─── PROVIDED INFORMATION ───

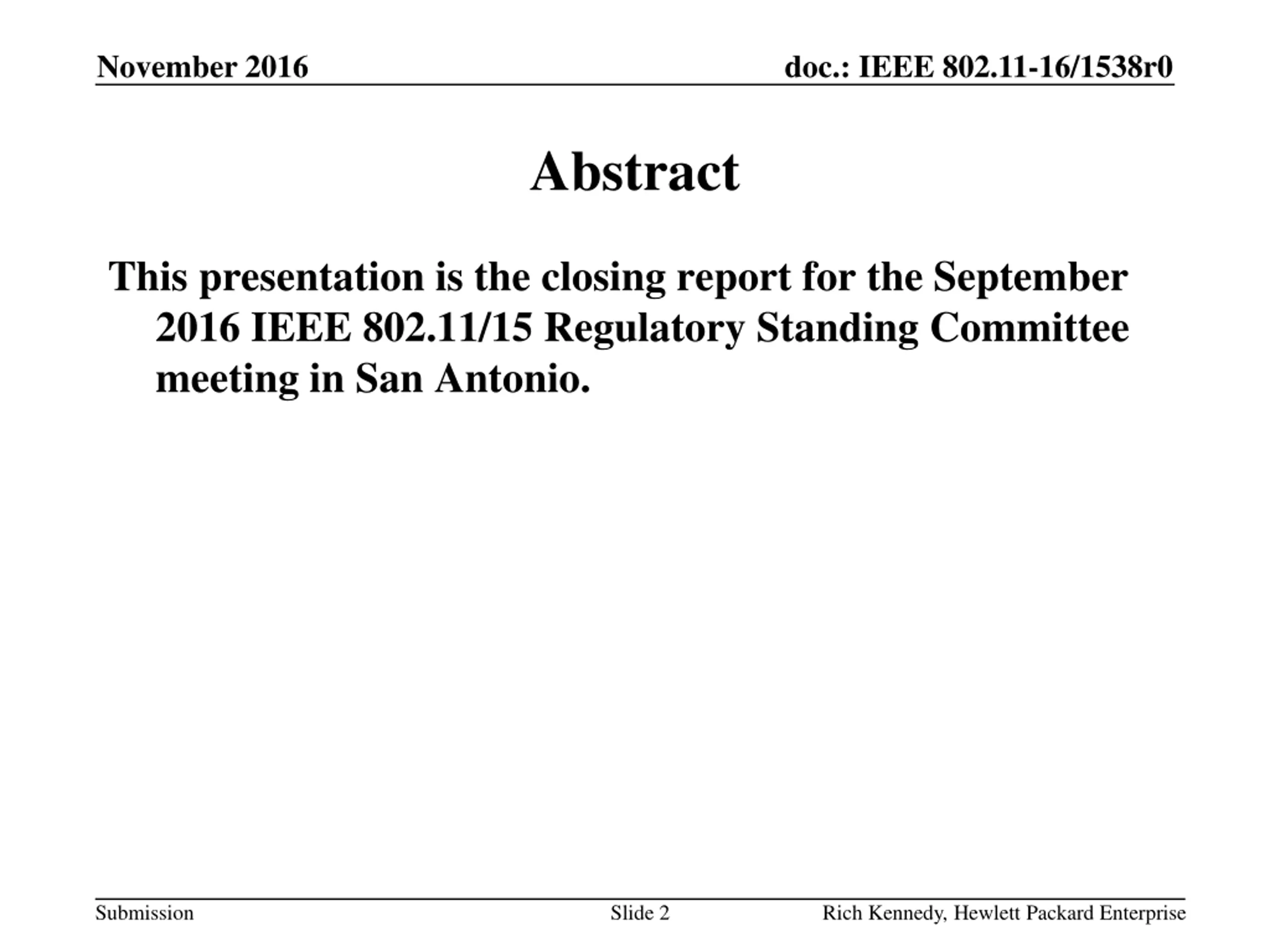 November 2016 doc.: IEEE 802.11-16/1538r0 Abstract This presentation is the closing report for the September 2016 IEEE 802.11/15 Regulatory Standing Committee meeting in San Antonio. Submission Slide 2 Rich Kennedy, Hewlett Packard Enterprise
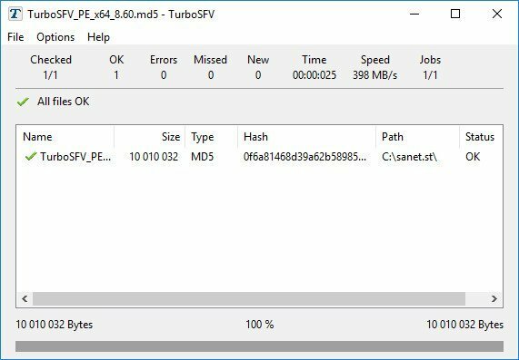 📝 DESCRIPTION: TurboSFV is a utility for the calculation and validation of checksums for files.
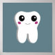 Poster com um desenho de um grande dente branco com um sorriso kawaii fofo e grandes olhos felizes.
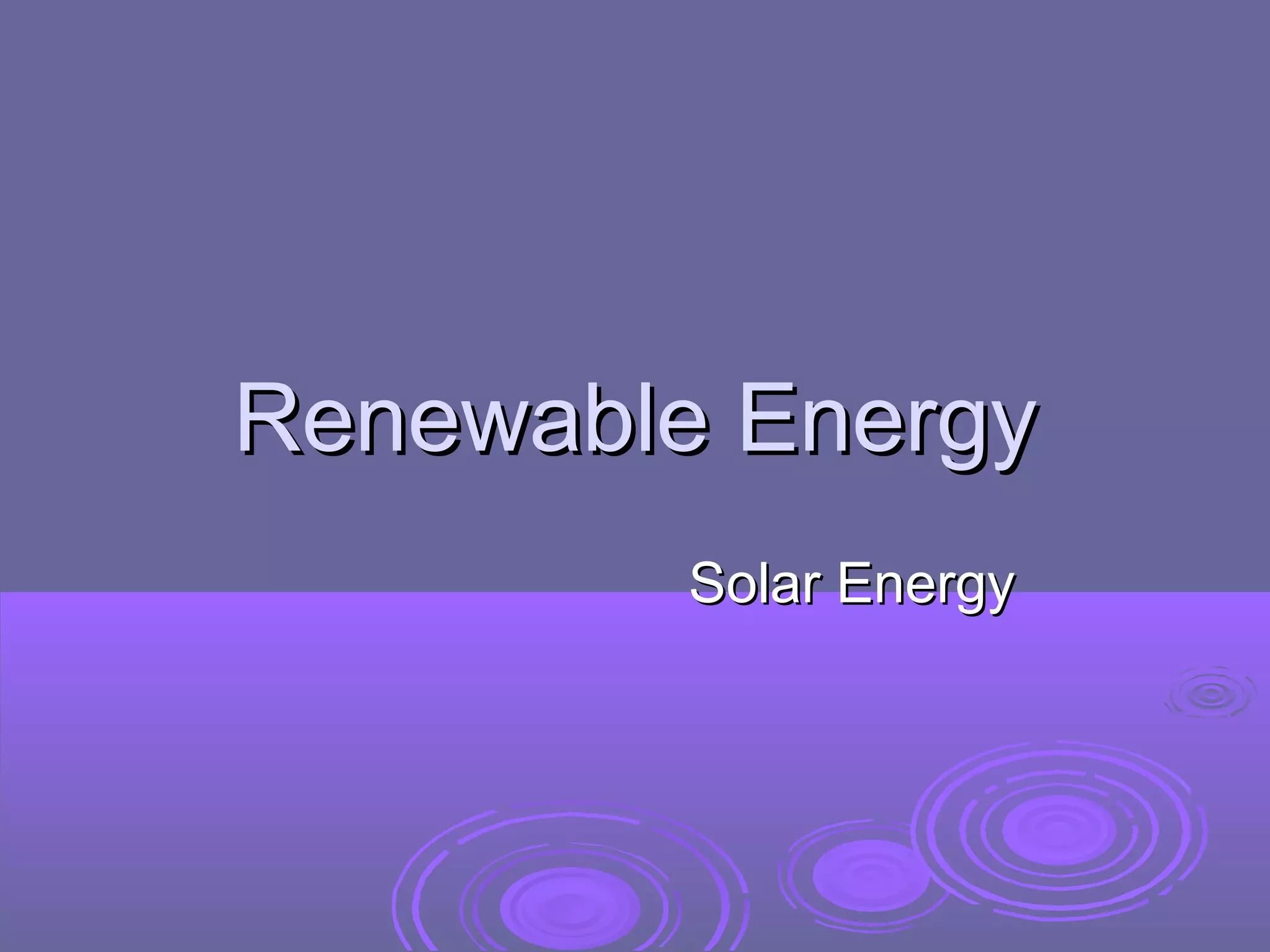 This document discusses renewable and non-renewable energy sources, focusing on solar energy. It defines renewable energy as coming from naturally replenished resources like sunlight, wind, and tides. Solar energy harnesses radiant light and heat from the sun using technologies like solar heating and photovoltaics. While solar energy is sustainable and has environmental benefits by not producing pollution, manufacturing solar panels requires energy and produces waste, and solar technology is currently inefficient and expensive compared to fossil fuels. The document also discusses the economic, social, and potential impacts of solar energy.
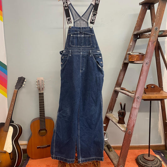 vtg 90s FUBU JEANS OVERALLS // vintage spell out name brand hip hop shark tank tlc b girl medium wash casual sporty spice bootcut flare bibs
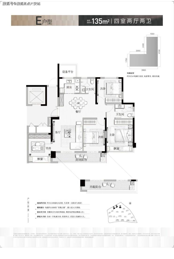 · 135㎡四房两卫:双主卧套房+独立家政间,LDK一体化社交空间;
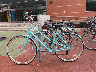 Yesterday, I spent much of the day riding my new bike, Marilyn, around town in the soft sun. I'm crazy about her - so comfortable, her handlebars so high, I feel like a little kid with his first BMX. Here she is at the Y today. Sea foam blue, Norco named her colour. Not sure I've ever seen sea foam that colour, but who cares?
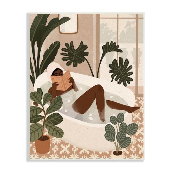 "Female Reading in Bath Tropical Palm Plants" by Victoria Barnes Unframed Typography Wood Wall Art Print 13 in. x 19 in.
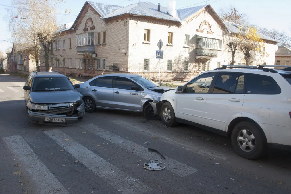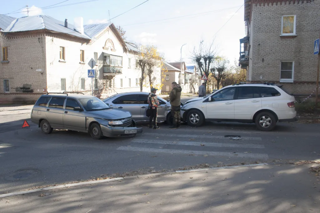 На перекрёстке улиц Гоголя и Полетаева столкнулись три автомобиля: видео момента ДТП
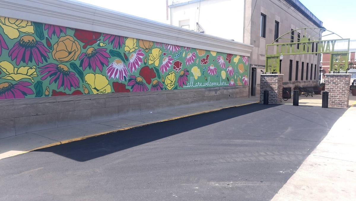 Anda tidak akan ingin meninggalkan tempat yang menawan dan unik ini. The Yellow Door adalah kamar nyaman yang berada di dalam garasi parkir tiga lantai yang bersejarah di pusat kota Shelbyville. Lokasinya hanya satu blok dari restoran, bioskop, beberapa toko lokal, dan The Foxmore . Kami berjarak satu mil dari Spruce Street Studio, Danau Shelbyville yang indah, pantai, peluncuran perahu, dan Forest Park (kolam renang, memancing, jalan setapak, disc golf, bangunan bersejarah Chautauqua).

───

> _TASK DETAILS_: Leave out the pictures and repeat the remaining data exactly.

> _WRITTEN SOLUTION_:
 November 2016 doc.: IEEE 802.11-16/1538r0 Abstract This presentation is the closing report for the September 2016 IEEE 802.11/15 Regulatory Standing Committee meeting in San Antonio. Submission Slide 2 Rich Kennedy, Hewlett Packard Enterprise
 📝 DESCRIPTION: TurboSFV is a utility for the calculation and validation of checksums for files.
 Poster com um desenho de um grande dente branco com um sorriso kawaii fofo e grandes olhos felizes.
 This document discusses renewable and non-renewable energy sources, focusing on solar energy. It defines renewable energy as coming from naturally replenished resources like sunlight, wind, and tides. Solar energy harnesses radiant light and heat from the sun using technologies like solar heating and photovoltaics. While solar energy is sustainable and has environmental benefits by not producing pollution, manufacturing solar panels requires energy and produces waste, and solar technology is currently inefficient and expensive compared to fossil fuels. The document also discusses the economic, social, and potential impacts of solar energy.
 vtg 90s FUBU JEANS OVERALLS // vintage spell out name brand hip hop shark tank tlc b girl medium wash casual sporty spice bootcut flare bibs
 · 135㎡四房两卫:双主卧套房+独立家政间,LDK一体化社交空间;
 Yesterday, I spent much of the day riding my new bike, Marilyn, around town in the soft sun. I'm crazy about her - so comfortable, her handlebars so high, I feel like a little kid with his first BMX. Here she is at the Y today. Sea foam blue, Norco named her colour. Not sure I've ever seen sea foam that colour, but who cares?
 "Female Reading in Bath Tropical Palm Plants" by Victoria Barnes Unframed Typography Wood Wall Art Print 13 in. x 19 in.
 На перекрёстке улиц Гоголя и Полетаева столкнулись три автомобиля: видео момента ДТП
 Anda tidak akan ingin meninggalkan tempat yang menawan dan unik ini. The Yellow Door adalah kamar nyaman yang berada di dalam garasi parkir tiga lantai yang bersejarah di pusat kota Shelbyville. Lokasinya hanya satu blok dari restoran, bioskop, beberapa toko lokal, dan The Foxmore . Kami berjarak satu mil dari Spruce Street Studio, Danau Shelbyville yang indah, pantai, peluncuran perahu, dan Forest Park (kolam renang, memancing, jalan setapak, disc golf, bangunan bersejarah Chautauqua).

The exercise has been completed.